Photo: Richard Beddie
The government needs to do much more if it wants to make a difference to New Zealand’s appalling obesity levels than look at a sugar tax, leading New Zealand exercise expert Richard Beddie says.
Beddie, chief executive of Exercise NZ, says tax on sugary drinks is a small part of the issue and taxing processed foods would be the real end goal if Kiwis were committed to being known as an active nation.
The 2016 annual New Zealand Health Survey found that almost one in three adults aged 15 and over were obese and a further 35 percent of adults were overweight, but not obese.
Beddie says sugar is part of the obesity and type II diabetes problem, but only a small part of the Kiwi overweight issue.
“Sugar or soda taxes will do little to change behaviour and they are more about being seen to be doing something that actually making any measurable difference.
“Other countries such as Mexico and France are showing very limited effect on the tax. Soda is cheap, adding a 10 percent tax still makes it cheap.
“For any tax to change behaviour it needs to be on all highly processed foods and then used to subsidise real food, and physical activity. In reality, this is beyond where most governments are prepared to go.
“We would also see a lot of unintended consequences. In this case one being an increase in artificial sweeteners. Replacing one bad item for another one is a flawed and dangerous approach.

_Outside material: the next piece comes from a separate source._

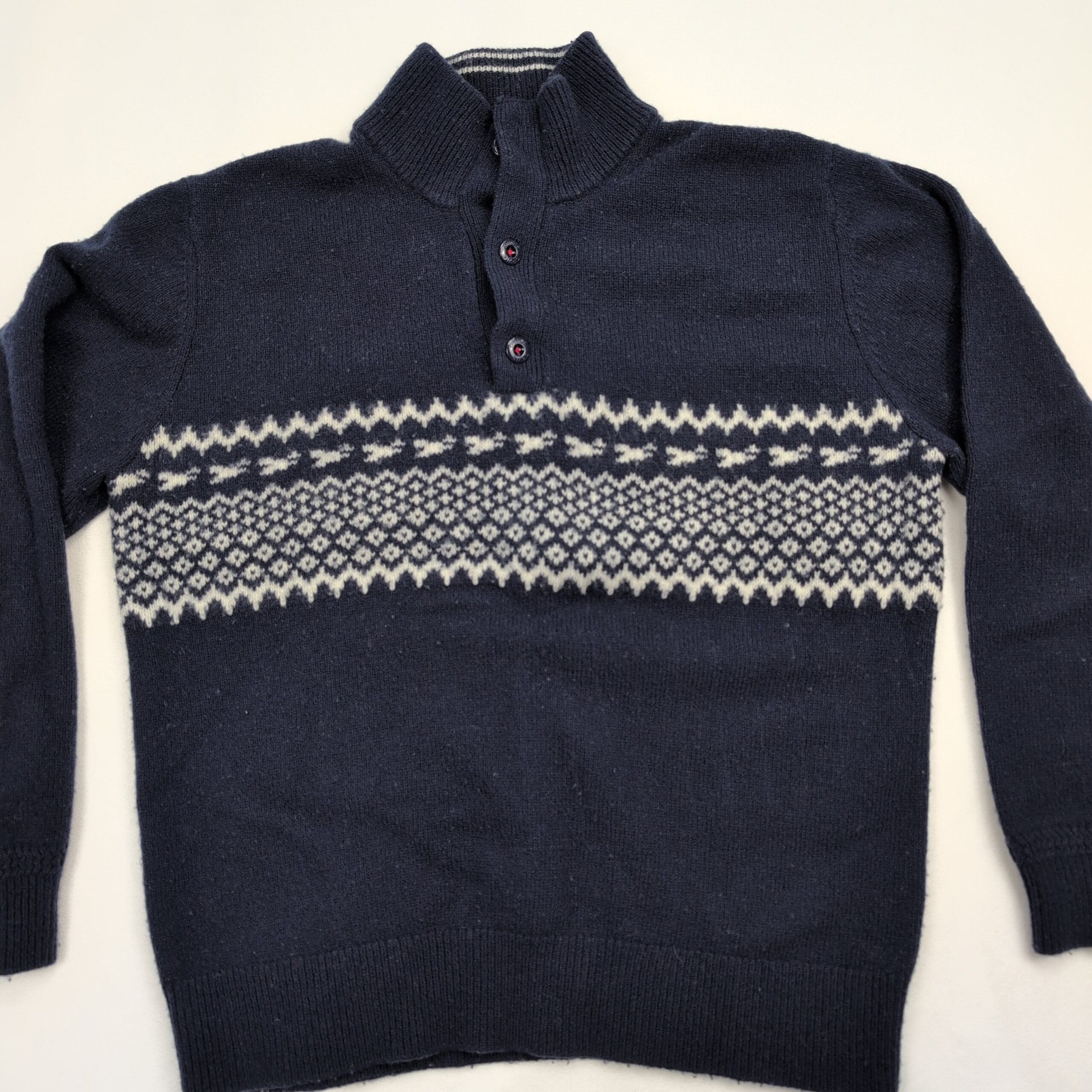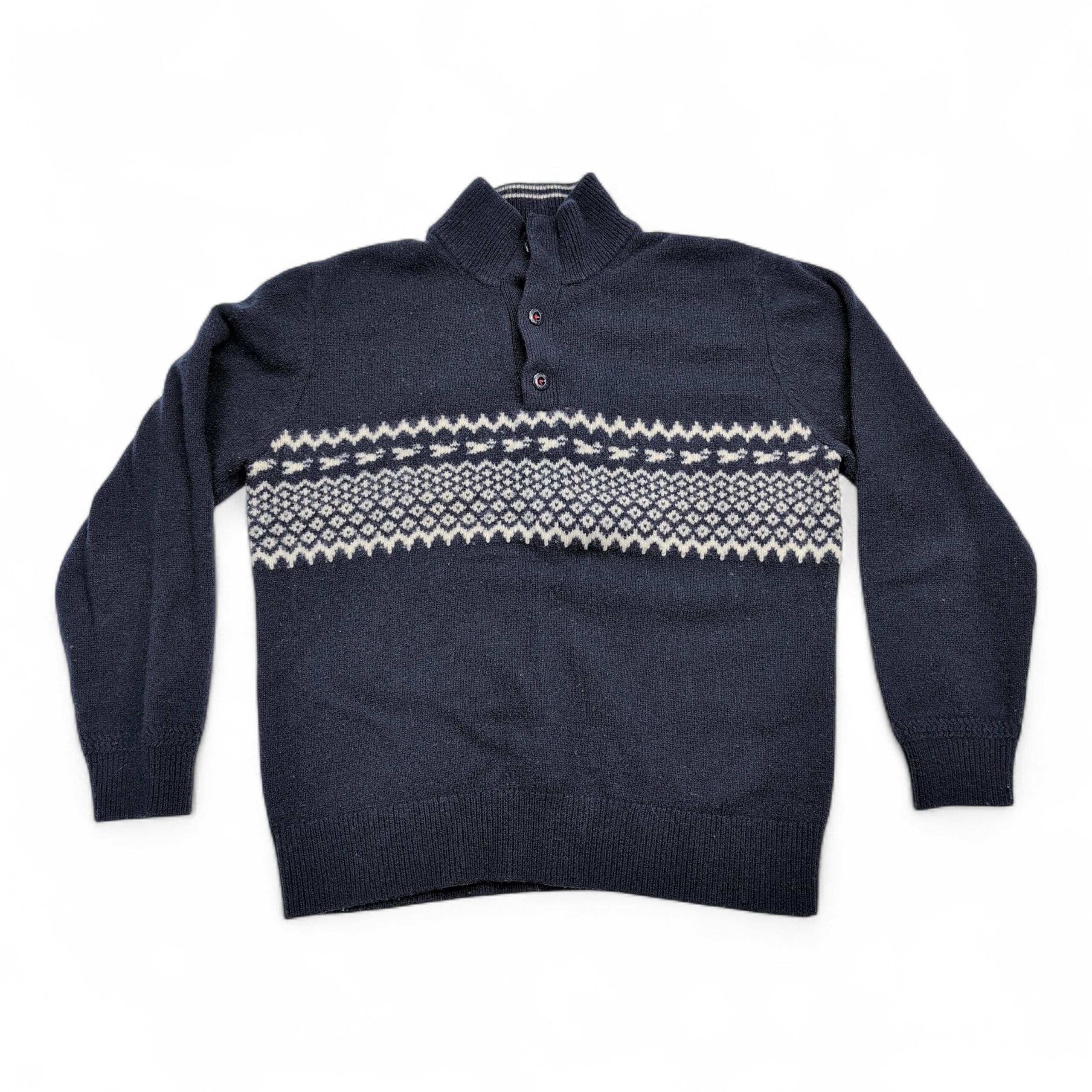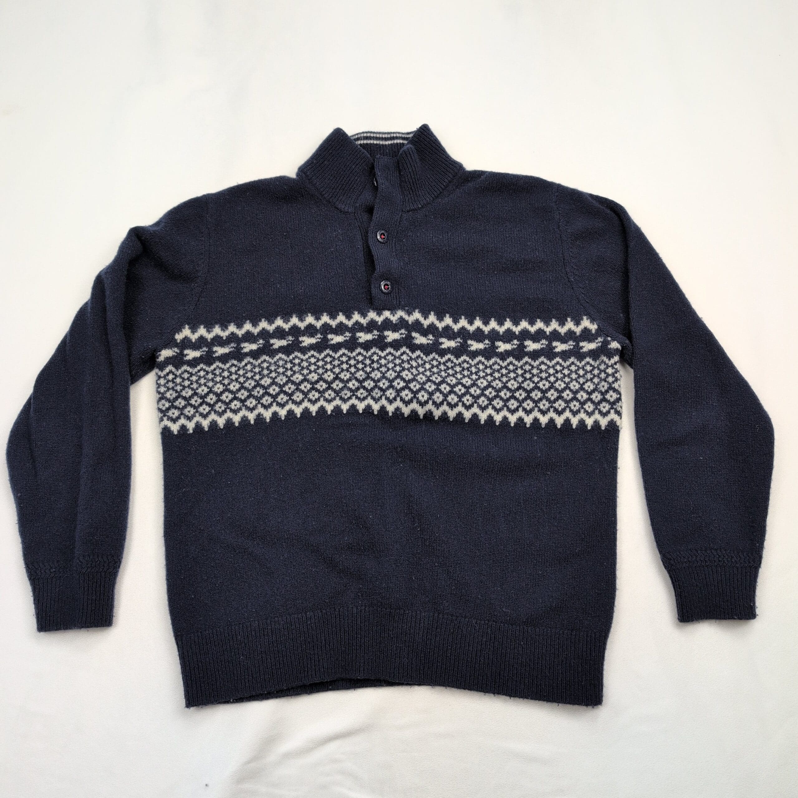 Orvis men’s sweater, size L. Classic navy knit with an ivory Fair Isle band across the chest and a mock/stand collar with a three-button placket for a timeless, outdoorsy look. Medium-weight knit that layers well for cool weather and casual weekends. Excellent used condition — no major rips, stains, or flaws; shows light, gentle surface pilling consistent with normal wear (see photos). A versatile wardrobe staple that pairs well with jeans or chinos.

“Those advocating for a sugar tax often come from the exercise industry, but I’ve yet to see any economists arguing for one. Understanding how markets react to prices, and in this case relatively small increases, is what needs to be studied.
“The public should not listen to soda giants when they say they want to be part of the solution. They are part of the problem and don’t care as long as they keep selling their product.
“The worst consumables - anything that is mainly sugar with no nutritional value – is soft drink. However, keep in mind many breakfast cereals are nothing but processed rubbish and sugar too.
“The worst foods are those that pretend to be good for you but aren't, such as many processed bars, breakfast cereals, even ultra-processed breads with a few grains thrown in claiming to be natural,” Beddie says.